**What the exercise asks**
Please restate each line of the data that follows word for word, skipping any image.

**Dataset content**
______
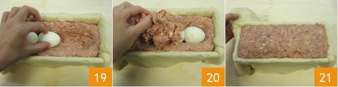 and place the 4 boiled eggs inside 19. Cover the surface with more mixture 20 and close with the excess shortcrust pastry from the edge 21,
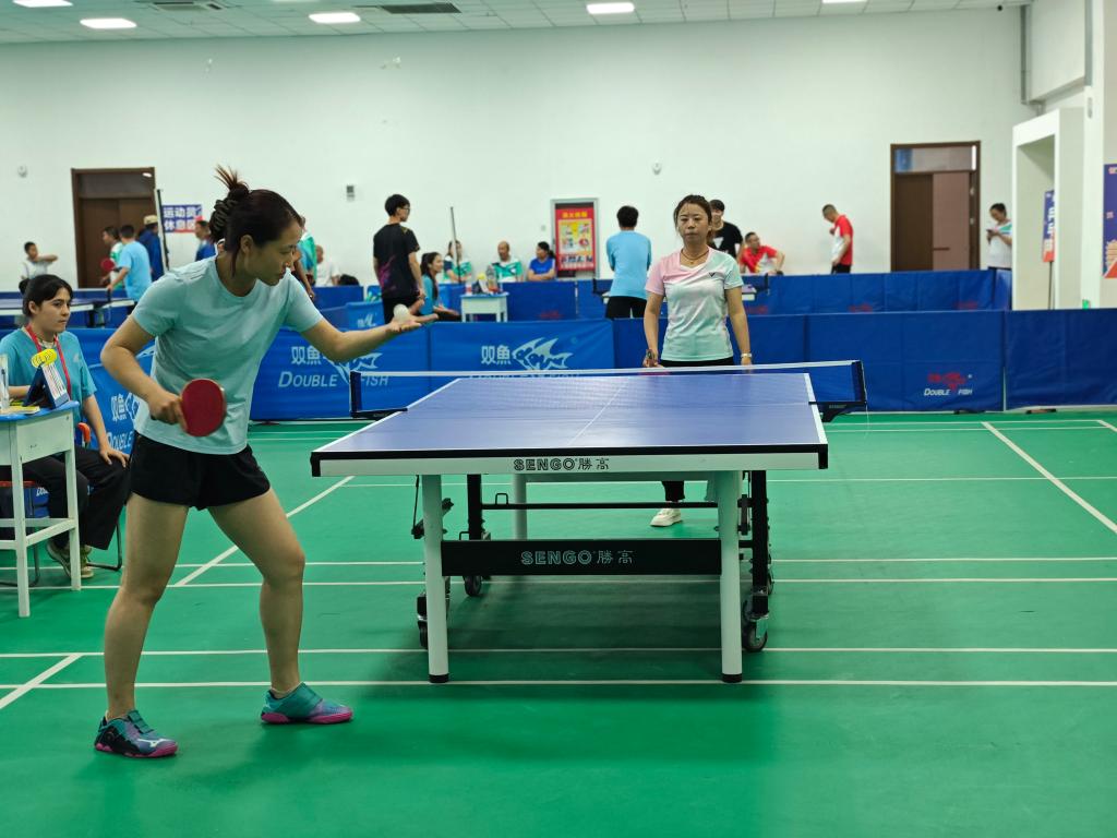 乒乓球赛场上,削球、弧圈球、扣杀、推挡等精湛球技轮番上演,气氛紧张而热烈,高难度动作层出不穷,你来我往,激烈对战。
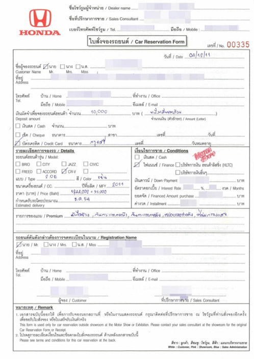 ในใบจอง ควรระบุข้อมูลที่ชัดเจนถึงวันรับรถ และของแถมที่ได้รับทั้งหมด (ระบุด้วยว่าเป็นของแท้ หรือเทียม) รวมถึงส่วนลดเงินสด ซึ่งถ้าขาดอะไรไป จะทำให้เซลล์แกล้งลืมของคุณได้ เซลล์หลายๆ คนจะไม่เขียนส่วนลดลงในใบจอง ก็ให้ระวังไว้ เพราะถ้าเซลล์บอกว่า ไม่ได้ให้ส่วนลด คุณจะเสียเปรียบ เพราะไม่มีอะไรยืนยันได้ ว่าคุณได้ส่วนลดกี่บาท ดังนั้นให้เซลล์เขียนรายละเอียดทั้งหมดลงไป เพื่อไม่ให้เสียประโยชน์ในอนาคต ที่สำคัญต้องระวังใบจอง ปลอมแปลงที่ไม่ใช่เป็นใบจองจากศูนย์โดยตรง และถึงเป็นจากศูนย์ก็เป็นใบจองเก่า ที่ไม่ได้รันเลขไว้แล้ว
______
**Exercise response**
 and place the 4 boiled eggs inside 19. Cover the surface with more mixture 20 and close with the excess shortcrust pastry from the edge 21,
 乒乓球赛场上,削球、弧圈球、扣杀、推挡等精湛球技轮番上演,气氛紧张而热烈,高难度动作层出不穷,你来我往,激烈对战。
 ในใบจอง ควรระบุข้อมูลที่ชัดเจนถึงวันรับรถ และของแถมที่ได้รับทั้งหมด (ระบุด้วยว่าเป็นของแท้ หรือเทียม) รวมถึงส่วนลดเงินสด ซึ่งถ้าขาดอะไรไป จะทำให้เซลล์แกล้งลืมของคุณได้ เซลล์หลายๆ คนจะไม่เขียนส่วนลดลงในใบจอง ก็ให้ระวังไว้ เพราะถ้าเซลล์บอกว่า ไม่ได้ให้ส่วนลด คุณจะเสียเปรียบ เพราะไม่มีอะไรยืนยันได้ ว่าคุณได้ส่วนลดกี่บาท ดังนั้นให้เซลล์เขียนรายละเอียดทั้งหมดลงไป เพื่อไม่ให้เสียประโยชน์ในอนาคต ที่สำคัญต้องระวังใบจอง ปลอมแปลงที่ไม่ใช่เป็นใบจองจากศูนย์โดยตรง และถึงเป็นจากศูนย์ก็เป็นใบจองเก่า ที่ไม่ได้รันเลขไว้แล้ว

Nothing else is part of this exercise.